## [What is being asked]
Transcribe the records that follow. Keep every word exactly, and drop the pictures.
##### Listed records #####
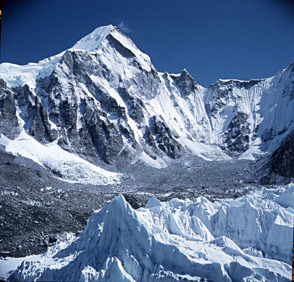Gyachung Kang 7 922 m at the Tibetan Border with the Ngozumpa Glacier in the ForegroundThe Ascent to Gokyo Peak 5 483 m: View to the Southeast to Jobo
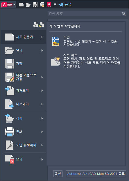 AutoCAD Map 3D 툴셋을 계속 살펴보려면 작업공간으로 이동합니다.
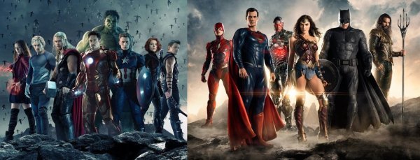 사진은 마블의 ‘어벤져스’ 시리즈와 DC의 ‘저스티스 리그’ 시리즈의 주인공들.(왼쪽부터)
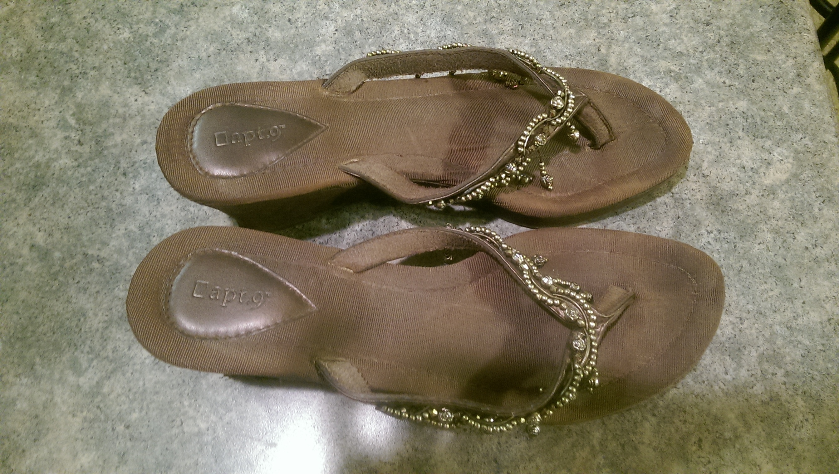 Apt 9 flip flops, size 8.5, bought for about $20, used lightly. I'm trying to swap for more professional clothing and shoes.
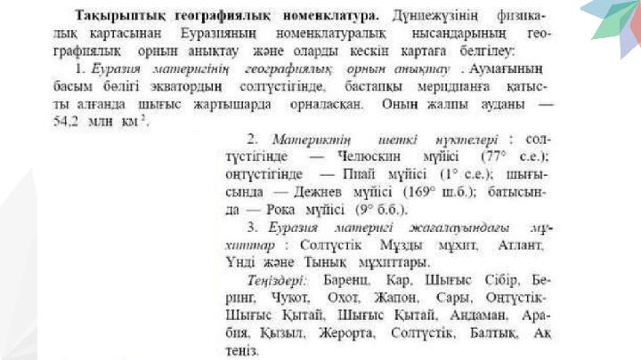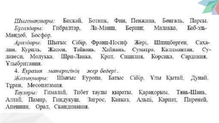 құрылысын, климаттық жағдайын т.б.) көрсетеді.
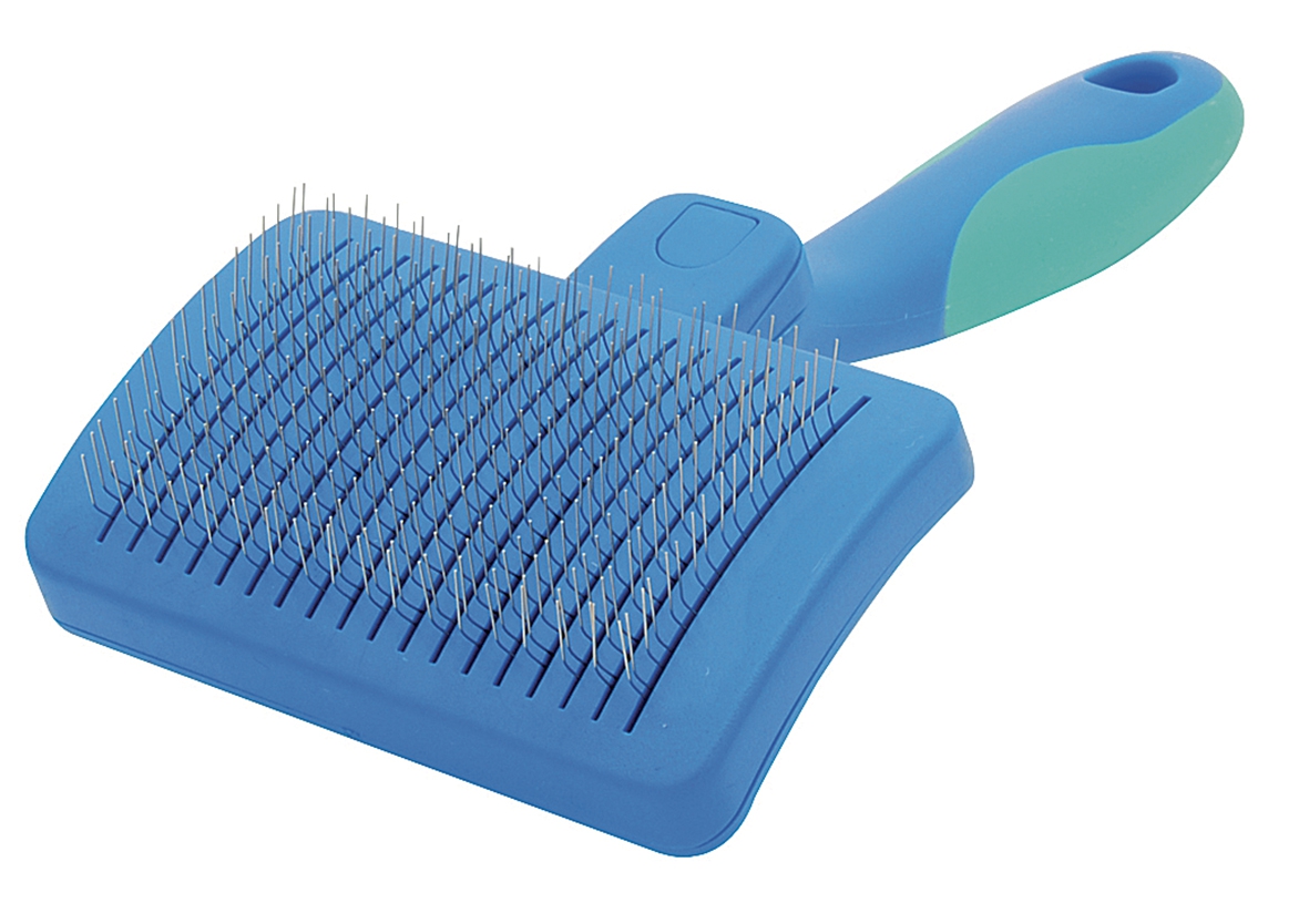 • To clean your slicker, press the button on the back to remove all of the hair from the pins.
#####
## [Response box]
Gyachung Kang 7 922 m at the Tibetan Border with the Ngozumpa Glacier in the ForegroundThe Ascent to Gokyo Peak 5 483 m: View to the Southeast to Jobo
 AutoCAD Map 3D 툴셋을 계속 살펴보려면 작업공간으로 이동합니다.
 사진은 마블의 ‘어벤져스’ 시리즈와 DC의 ‘저스티스 리그’ 시리즈의 주인공들.(왼쪽부터)
 Apt 9 flip flops, size 8.5, bought for about $20, used lightly. I'm trying to swap for more professional clothing and shoes.
 құрылысын, климаттық жағдайын т.б.) көрсетеді.
 • To clean your slicker, press the button on the back to remove all of the hair from the pins.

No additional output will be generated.